You could, but you should follow it up with "where one of those sources is your (incomplete, noisy) information about what the value _used_ to be and how it changes over time".

If you just have (say) three different ways of estimating the position of an aeroplane, then you don't need a Kalman filter. The place where the Kalman filter adds value is where you measure its position _repeatedly_ and make use of the fact that it's known to be moving approximately in a straight line.

How do EKF and ensemble Kalman Filters fit into this?
The Kalman filter assumes that all errors are gaussian, that all updates are linear (i.e., new state = linear function of old state), and that observations are linear (i.e., what you measure is a noisy version of a linear function of the state).

The extended Kalman filter allows for state updates and observations to be nonlinear, by the straightforward expedient of replacing them with linear approximations near to the current estimate.
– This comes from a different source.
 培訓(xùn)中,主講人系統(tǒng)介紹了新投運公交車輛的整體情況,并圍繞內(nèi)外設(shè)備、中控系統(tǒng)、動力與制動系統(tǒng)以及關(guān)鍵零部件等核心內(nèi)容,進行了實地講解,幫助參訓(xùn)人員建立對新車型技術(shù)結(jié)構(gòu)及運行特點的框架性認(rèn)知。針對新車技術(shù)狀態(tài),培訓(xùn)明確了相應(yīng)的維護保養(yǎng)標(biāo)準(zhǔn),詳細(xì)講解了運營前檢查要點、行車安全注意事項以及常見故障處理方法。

The ensemble Kalman filter also allows for nonlinear updates and observations; instead of keeping track of the expectation and covariance of the state (i.e., everything you need to define a Gaussian model, things that behave nicely under linear transformations but not under nonlinear ones) it keeps track of an "ensemble" of sample values, applies the update and observation functions to those, and then estimates expectations and covariances from this ensemble. It's a sort of Monte Carlo Kalman filter.

A couple of other things worth knowing about:

Intermediate between the extended KF and the ensemble KF is the "unscented Kalman filter". Like the ensemble KF it estimates things using a number of samples; but instead of propagating those samples through repeated steps, it picks the sample points at each step on the basis of the estimated expectation and covariance, and uses them only to compute new expectations and covariances. More expensive than the EKF but copes better with substantial nonlinearities.
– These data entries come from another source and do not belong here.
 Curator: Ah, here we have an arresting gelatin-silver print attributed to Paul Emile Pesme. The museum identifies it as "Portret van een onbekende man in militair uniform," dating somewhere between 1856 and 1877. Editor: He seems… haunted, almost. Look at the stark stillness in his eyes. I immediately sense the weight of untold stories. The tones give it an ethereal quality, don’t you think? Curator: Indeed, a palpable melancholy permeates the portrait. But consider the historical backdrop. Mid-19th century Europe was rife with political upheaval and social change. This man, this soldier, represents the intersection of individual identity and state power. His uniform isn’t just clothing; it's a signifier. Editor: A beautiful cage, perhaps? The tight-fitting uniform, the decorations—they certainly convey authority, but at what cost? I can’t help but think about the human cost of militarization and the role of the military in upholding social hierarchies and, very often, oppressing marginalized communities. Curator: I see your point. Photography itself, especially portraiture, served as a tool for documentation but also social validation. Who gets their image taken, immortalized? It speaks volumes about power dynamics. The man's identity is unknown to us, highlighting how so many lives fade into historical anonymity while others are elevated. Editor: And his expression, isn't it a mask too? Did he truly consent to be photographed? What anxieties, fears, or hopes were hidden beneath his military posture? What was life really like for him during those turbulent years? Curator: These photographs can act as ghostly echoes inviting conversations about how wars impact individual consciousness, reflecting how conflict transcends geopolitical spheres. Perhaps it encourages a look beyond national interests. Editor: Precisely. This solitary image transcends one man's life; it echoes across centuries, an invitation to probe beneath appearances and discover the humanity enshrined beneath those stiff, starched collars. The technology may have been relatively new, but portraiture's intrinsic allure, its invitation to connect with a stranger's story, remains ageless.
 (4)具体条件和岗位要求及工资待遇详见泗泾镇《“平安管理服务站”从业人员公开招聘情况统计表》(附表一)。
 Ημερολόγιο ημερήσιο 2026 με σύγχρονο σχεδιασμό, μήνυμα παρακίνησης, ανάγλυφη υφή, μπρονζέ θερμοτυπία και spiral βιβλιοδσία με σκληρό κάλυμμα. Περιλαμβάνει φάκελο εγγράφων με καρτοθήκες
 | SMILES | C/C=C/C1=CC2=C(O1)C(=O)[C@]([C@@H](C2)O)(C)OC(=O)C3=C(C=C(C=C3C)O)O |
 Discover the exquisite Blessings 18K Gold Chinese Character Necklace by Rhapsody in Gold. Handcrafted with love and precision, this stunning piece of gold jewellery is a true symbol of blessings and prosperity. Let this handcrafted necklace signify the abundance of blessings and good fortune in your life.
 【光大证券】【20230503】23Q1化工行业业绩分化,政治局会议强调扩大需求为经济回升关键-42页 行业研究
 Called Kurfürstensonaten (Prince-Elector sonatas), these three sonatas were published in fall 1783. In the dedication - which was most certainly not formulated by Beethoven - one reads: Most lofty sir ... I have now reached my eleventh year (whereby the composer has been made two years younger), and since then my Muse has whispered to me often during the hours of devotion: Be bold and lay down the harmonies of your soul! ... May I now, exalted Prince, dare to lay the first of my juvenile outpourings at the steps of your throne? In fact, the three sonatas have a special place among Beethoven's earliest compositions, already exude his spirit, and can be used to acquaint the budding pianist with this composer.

Extrapolating beyond the ensemble KF is the "particle filter", which uses the same "track an ensemble of samples" approach but gives up the assumption that all the errors are Gaussian. You need a larger ensemble to get good results, I think, but it can cope with a wider range of scenarios. (I find the name "particle filter" annoyingly distracting; the "particles" are the samples, which I guess you're supposed to think of as a cloud of points in possible-configuration-of-the-system space, and of course it's a "filter" in the same way as the Kalman filter is.)

You may have chanced upon this already but here is a wonderfully explained (IMHO) intro to Kalman filters: https://www.bzarg.com/p/how-a-kalman-filter-works-in-picture...
I don't know man, the link you clicked on says "Derive Yourself a Kalman Filter", so complaining about a formal treatment seems misguided rather than simply unfair.
you are assuming that the reader is familiar with this specific understanding of "derive". someone not familiar with formal methods wouldn't.
what other understanding of derive is there???
Derived data - e.g. indexes or summaries.

Derivative financial instruments - e.g. options, CDSs.

I'm sure there are many more examples.

You could, kind of. Basically, Kalman filter is this: you have 2 noisy data sources with a known real-life connection (like, vehicle position and velocity), so instead of an accurate measurement for each you have 2 "wide" gaussians. When you multiply them, you still get a gaussian, but a much narrower one, meaning: you still don't know the exact position for sure, but (kind of surprisingly) now you know it with a much greater precision than you had with the direct measurement.

In fact, I agree that this one is not really good explanation. I cannot remember, where I saw my favourite one, but there are really plenty of them in the internet, many are well illustrated and pretty clear overall, so if you are actually interested, I think you won't have much trouble understanding it after a few links from the first page of your favorite search-engine.

Hi,

Trying to simplify even further: you don't need 2 sources, just one, for which the distribution of noise is gaussian. And a model of how the data should evolve over time. Straight-line constant-speed for example, but also, static, turning, accelerating/decelerating... You need to be able to predict the next measurement from the previous one. The Kalman filter then uses the difference between the prediction from the model and the measurement, the incertitude on the measurement, and gives you: a smoothed estimation of the 'real' position of the object, an estimation of the 'noisyness' of your input data (i.e. How much does the data fit the model), and the ability to predict next positions accurately...

Well, not sure this word-soup simplifies anything...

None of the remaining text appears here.